**PROBLEM REQUIREMENTS:** Within the entries below, please retype exactly the lines starting with the line that has "- В 2021 году" and going on through the line that has "All horses are", but not the pictures.

**Saved data entries:**
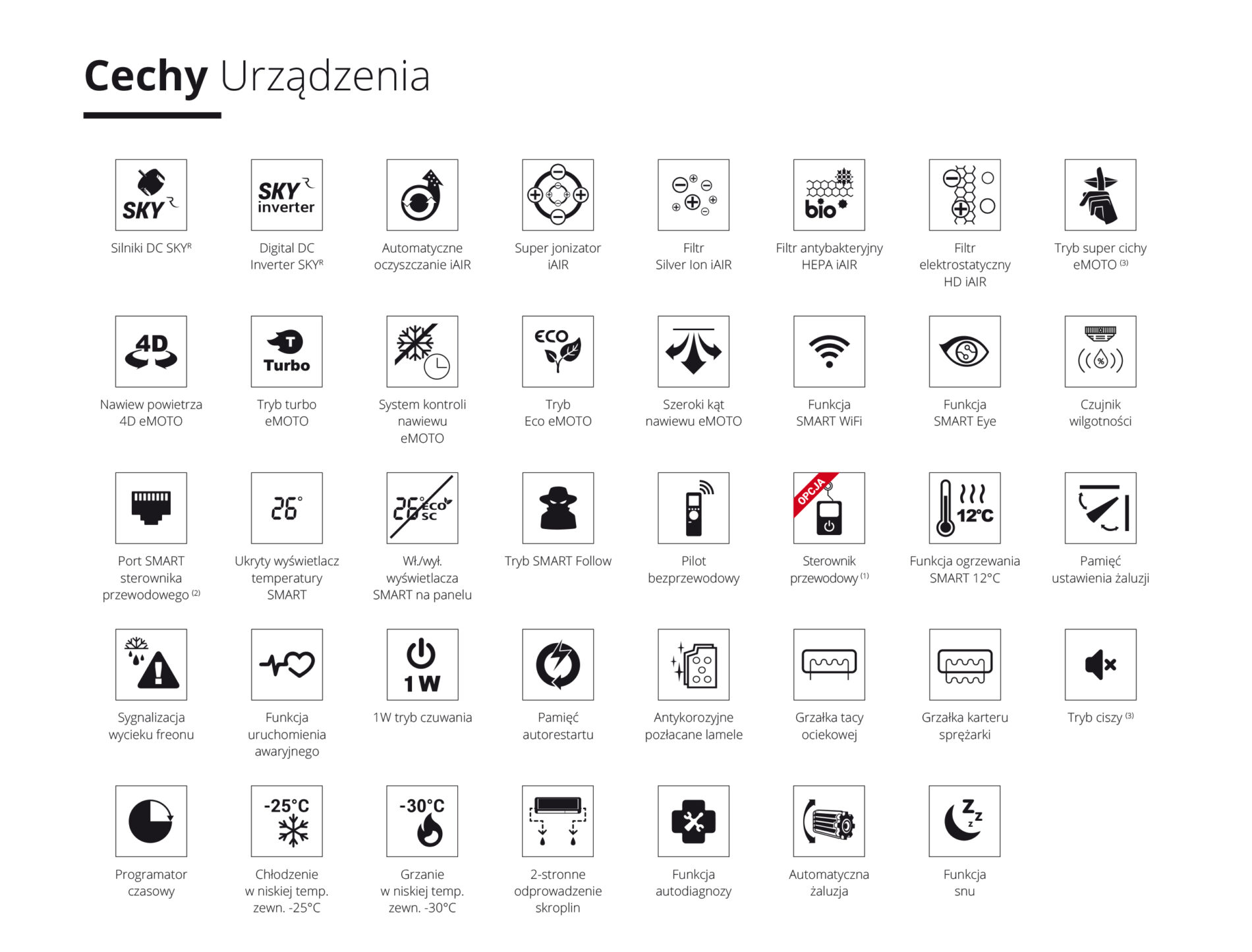 - Typoszereg klimatyzatorów z tej serii:
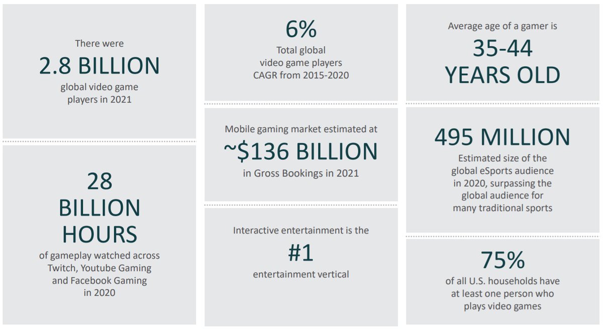 - В 2021 году общая аудитория игровой индустрии оценивалась в 2.8 миллиарда человек.
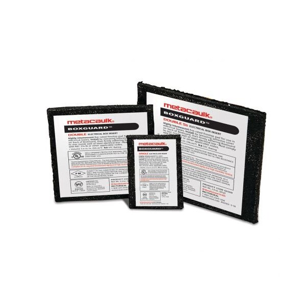 Metacaulk Box Guard is a 1-component fire-rated pad for use in electrical boxes. When exposed to fire, it will expand forming a char that seals the opening, prevents spread of flames & limits temperature rise on unexposed surfaces.
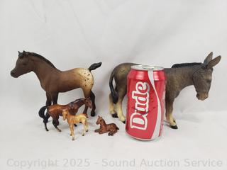 All horses are marked Breyer, could not find a mark on the donkey, looks like a Breyer. Approx. 1" to 6" tall. Don't see any major issues.
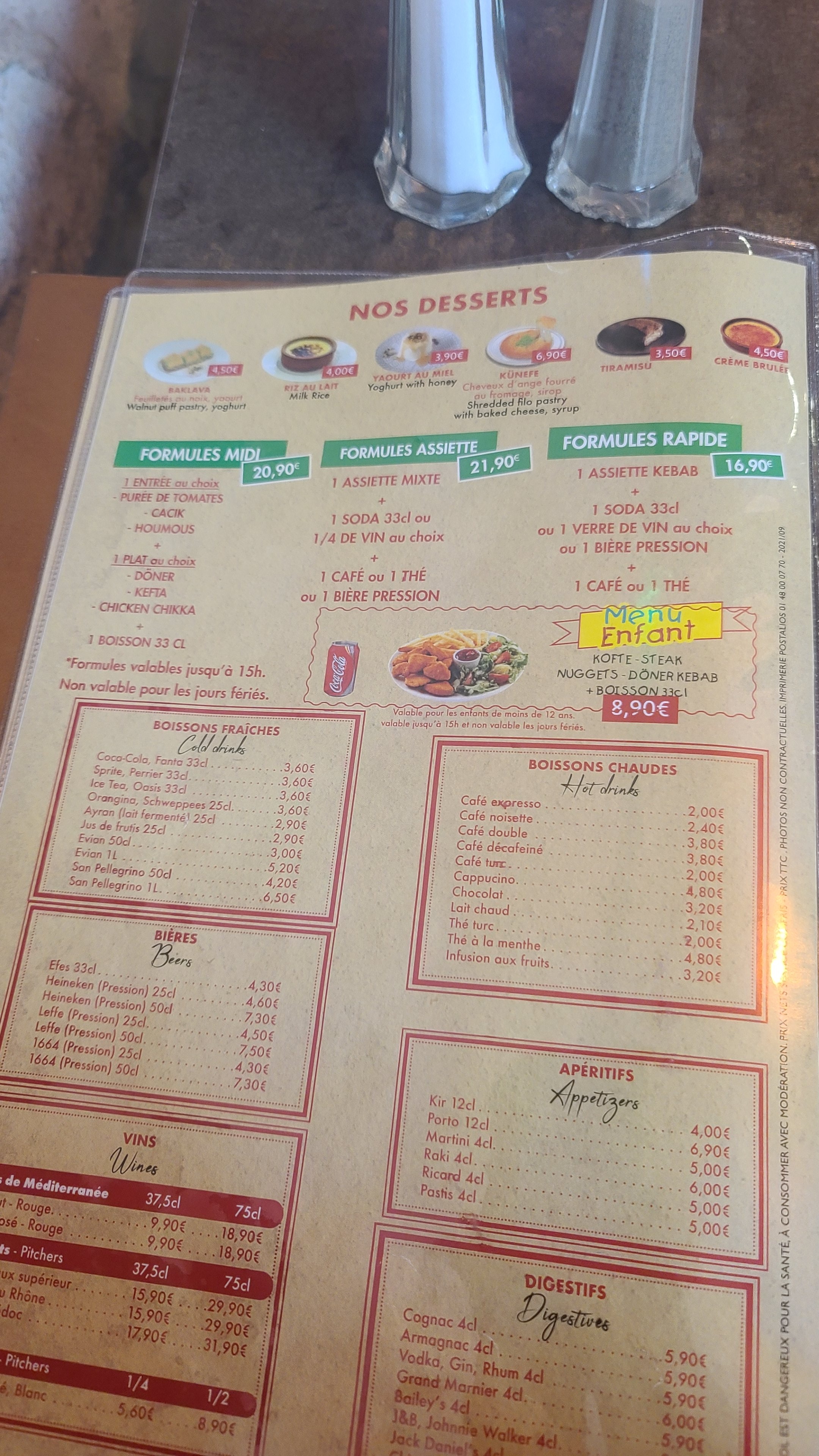 Je n'y mange qu'au restaurant et non pas en kebab à emporter. J'adore y prendre une assiette Adana, ce n'est pas très cher, complet et la viande est cuite au feu de bois. Ce n'est pas de la grande cuisine, mais j'en suis satisfait à chaque fois que j'y vais.
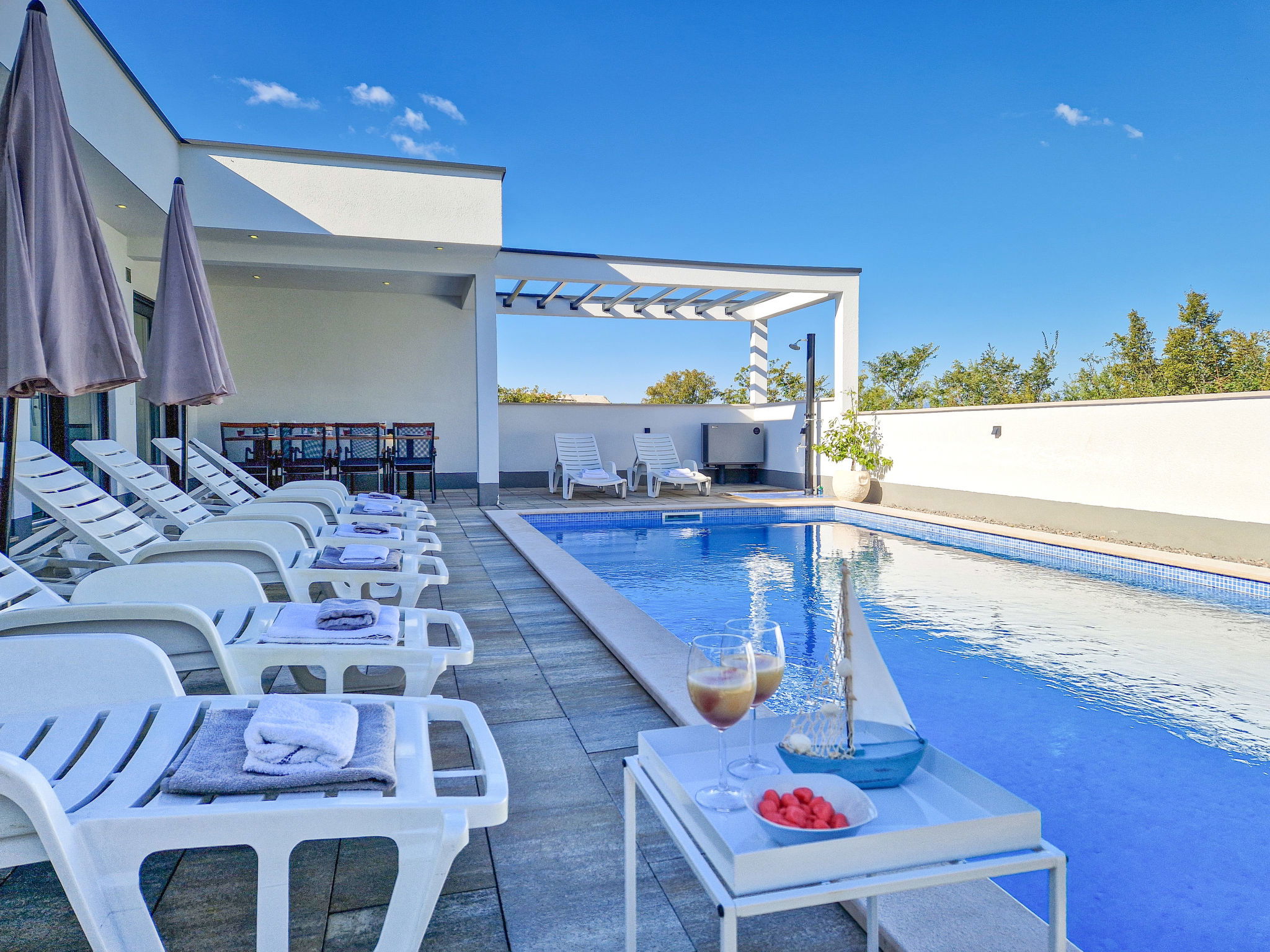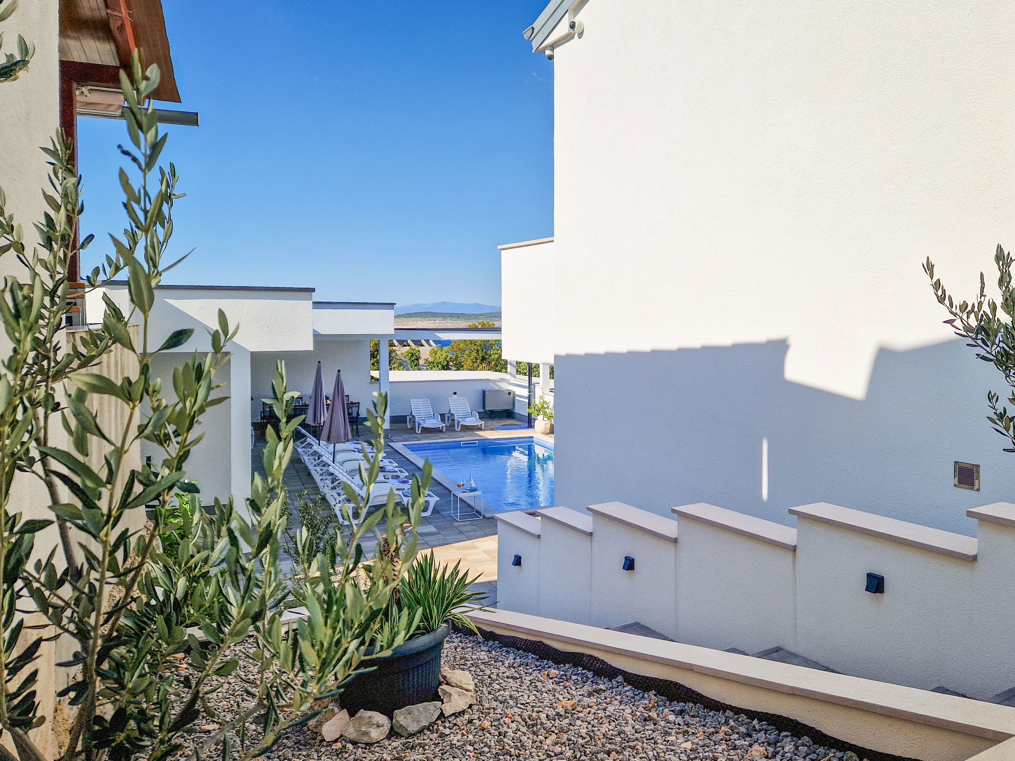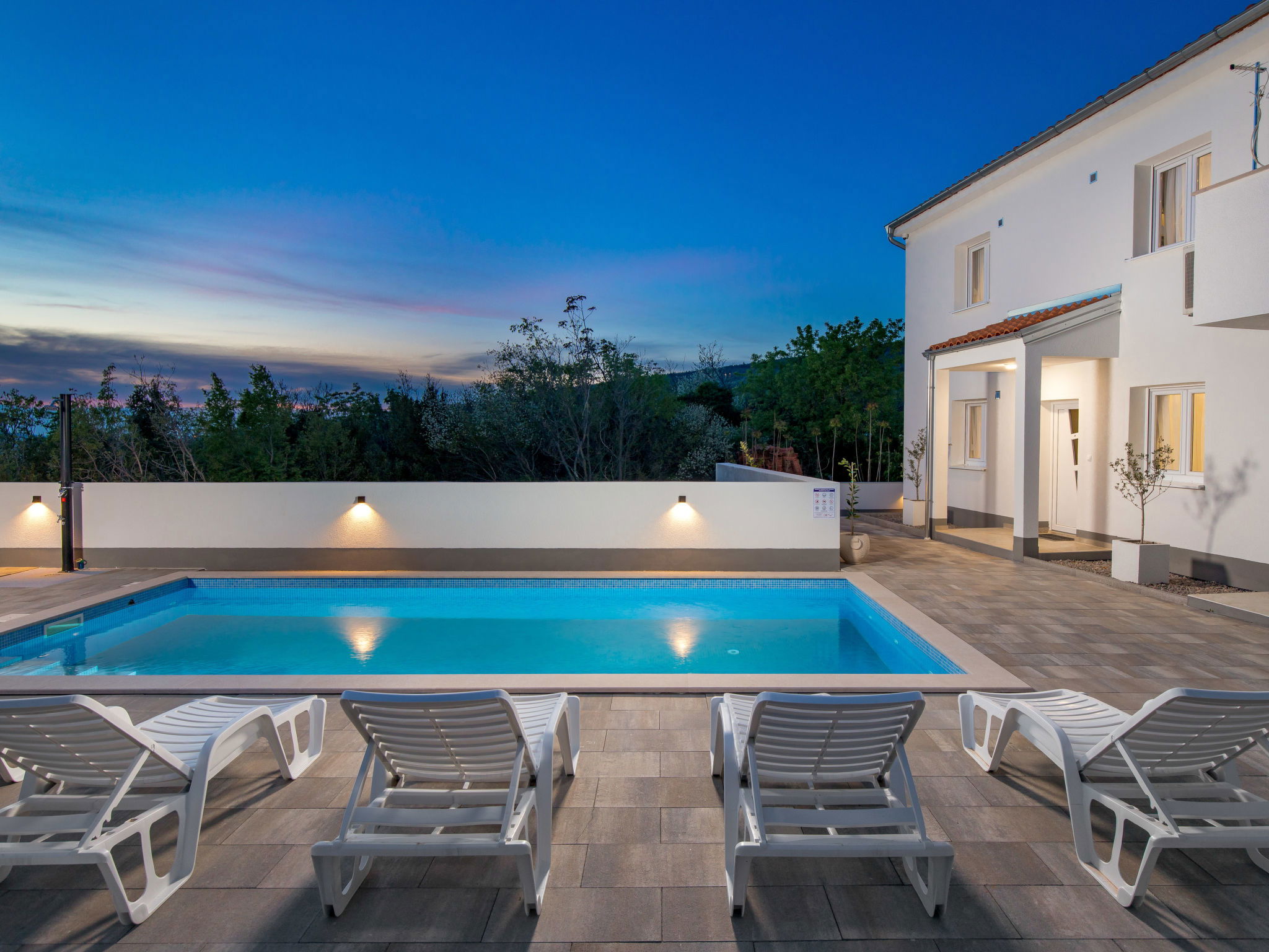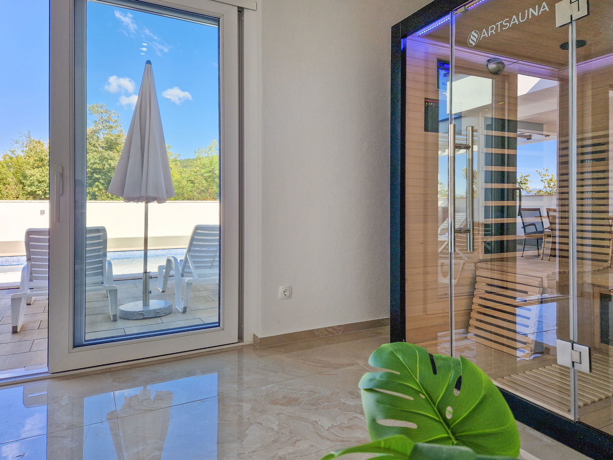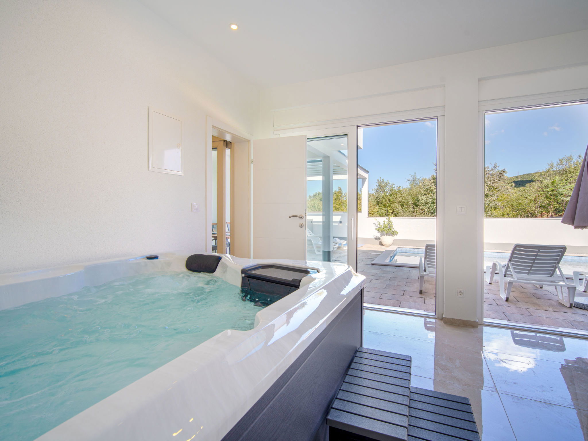 Jadranovo 7 km from Crikvenica: 2-family house "Villa Lea", 2 storeys, built in 2022. 1.5 km from the centre of Jadranovo, 1.8 km from the sea, 1.8 km from the beach. Private: property 500 m2, swimming pool angular, heated (8 x 4 m, depth 145 cm, seasonal availability: 30.Mar. - 30.Oct.) with internal staircase. Outdoor shower, hot tub, pool house with shower and WC, barbecue, pool maintenance by the owner/gardener. In the house: internet access, infrared sauna, washing machine. Parking (for 2 cars) at the house on the premises. Shop, restaurant 800 m, bus stop 1.6 km, pebble beach 1.8 km, concrete beach 1.8 km. Please note: airfield 15 km from the property.
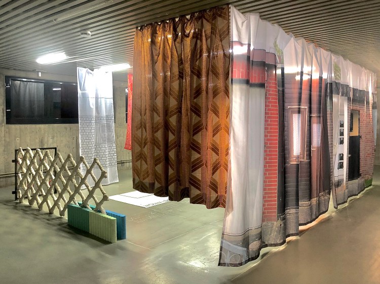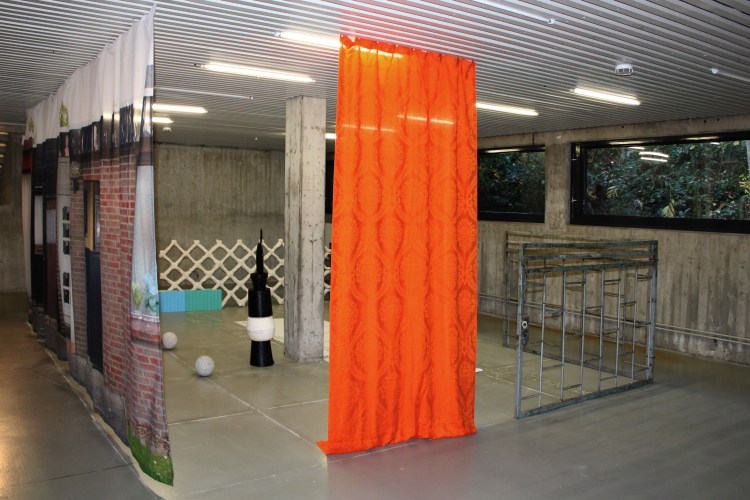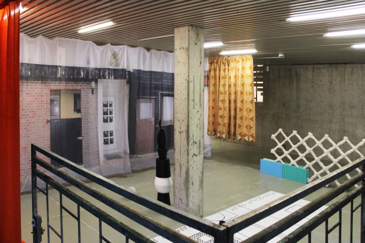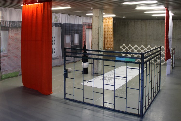 „The Berlin artist Andrea Pichl has created a work with reference to Wilhelmshaven. She took the floor plan as well as photographs of the makeshift homes in the Wilhelmshaven railroad line as the starting point for her installation „Zweck und Mittel und Norm“ („Purpose and Means and Norm“). The makeshift homes, created on a floor plan of about 20 square meters, were intended to be „tolerable accommodations for those affected by the air war.“ They were built in many places by the Deutsches Wohnungshilfswerk, which was founded in 1943. Bauhaus architect Ernst Neufert (1900-1986) designed the construction plan and specified the building material with standard specifications. In her installation, Andrea Pichl supplements the floor plan of an exemplary makeshift home with secular design elements from different eras.“

**SOLUTION TO THIS PROBLEM:**
 - В 2021 году общая аудитория игровой индустрии оценивалась в 2.8 миллиарда человек.
 Metacaulk Box Guard is a 1-component fire-rated pad for use in electrical boxes. When exposed to fire, it will expand forming a char that seals the opening, prevents spread of flames & limits temperature rise on unexposed surfaces.
 All horses are marked Breyer, could not find a mark on the donkey, looks like a Breyer. Approx. 1" to 6" tall. Don't see any major issues.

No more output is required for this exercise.